Role extraction by matrix equations and generalized random walks
Dario Fasino
TL;DR
The paper addresses the problem of extracting node roles in directed networks with heterogeneous degree distributions by introducing a direction-aware node similarity $S^*$ as the solution to $S - \frac{\beta^2}{2}(P S P^T + Q S Q^T) = S_1$, where $P = D_{out}^{-1}A$, $Q = D_{in}^{-1}A^T$, and $S_1 = P P^T + Q Q^T$. It develops a globally convergent iteration to compute $S^*$, interprets the entries via generalized random $\Psi$-walks, and analyzes the limiting behavior as $\beta$ varies, including a universal limit near $\beta^2=1$ and a baseline near $\beta=0$. A key theoretical result shows an invariance of $S^*$ under degree corrections in degree-corrected SBM settings: for $A = D_1\Theta B\Theta^T D_2$, $S^* = \Theta X \Theta^T$ with $X$ solving a reduced matrix equation; this yields block-constant structure and rank equal to the number of blocks, implying robust role recovery.
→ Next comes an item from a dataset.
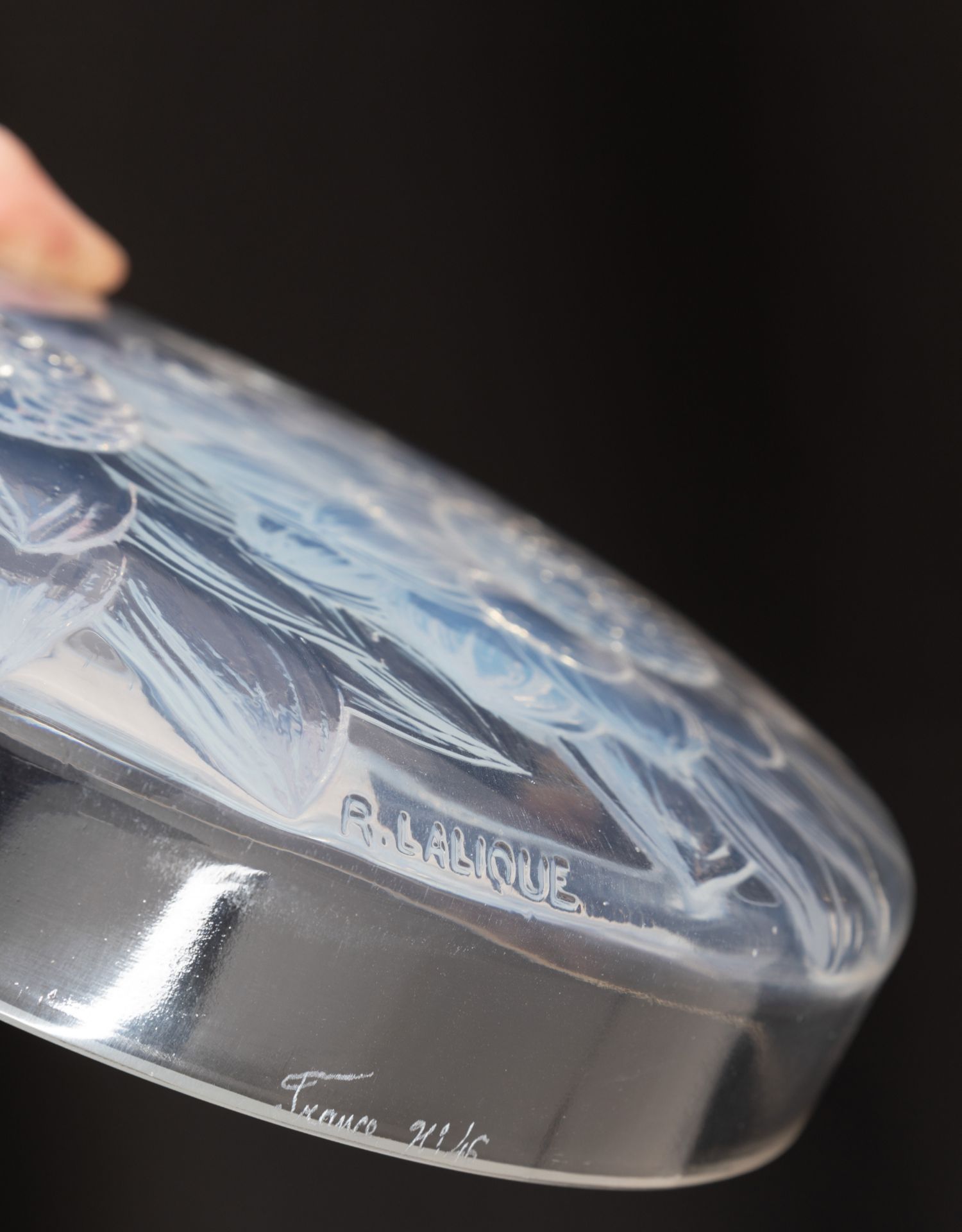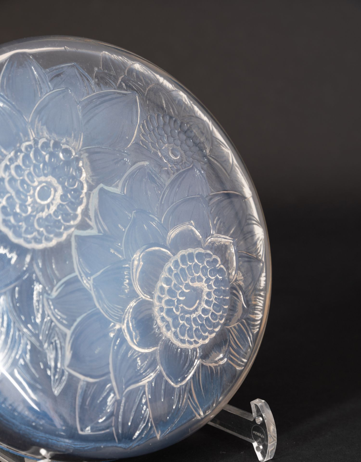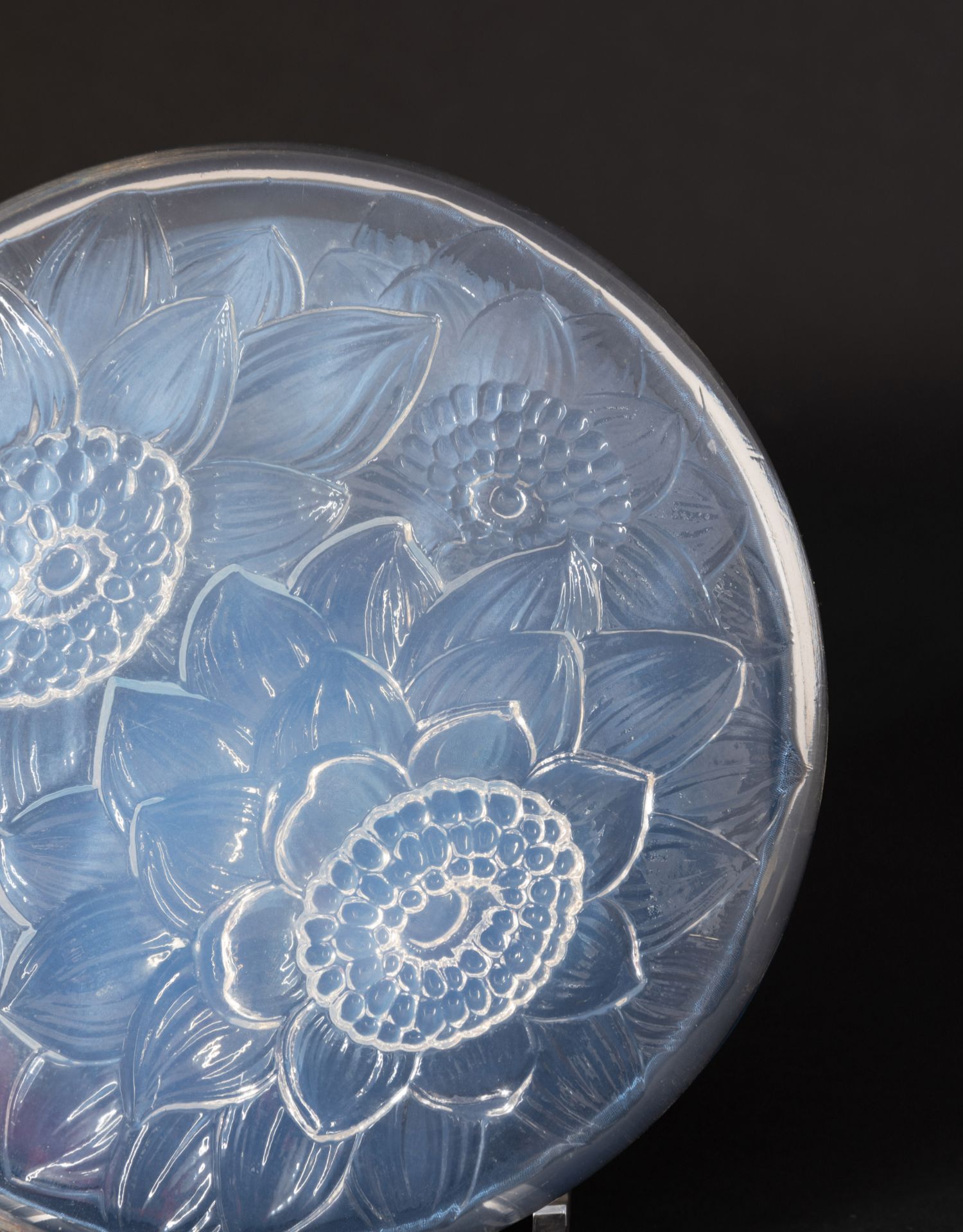 独角鹿西洋古董家居摆件莱俪水晶圆形盒《Trois Dahlias-大丽菊》

Numerical experiments on synthetic SBMs and a real faculty-hiring network illustrate that $S^*$ reliably identifies roles in directed graphs with heterogeneous degrees, outperforming the traditional Browet–Van Dooren style similarity in the presence of degree variation. The work also discusses extensions to weighted networks and practical considerations, including computational cost and potential low-rank approximations for large-scale graphs.
Abstract
The nodes in a network can be grouped into 'roles' based on similar connection patterns. This is usually achieved by defining a pairwise node similarity matrix and then clustering rows and columns of this matrix. This paper presents a new similarity matrix for solving role extraction problems in directed networks, which is defined as the solution of a matrix equation and computes node similarities based on random walks that can proceed along the link direction and in the opposite direction. The resulting node similarity measure performs remarkably in role extraction tasks on directed networks with heterogeneous node degree distributions.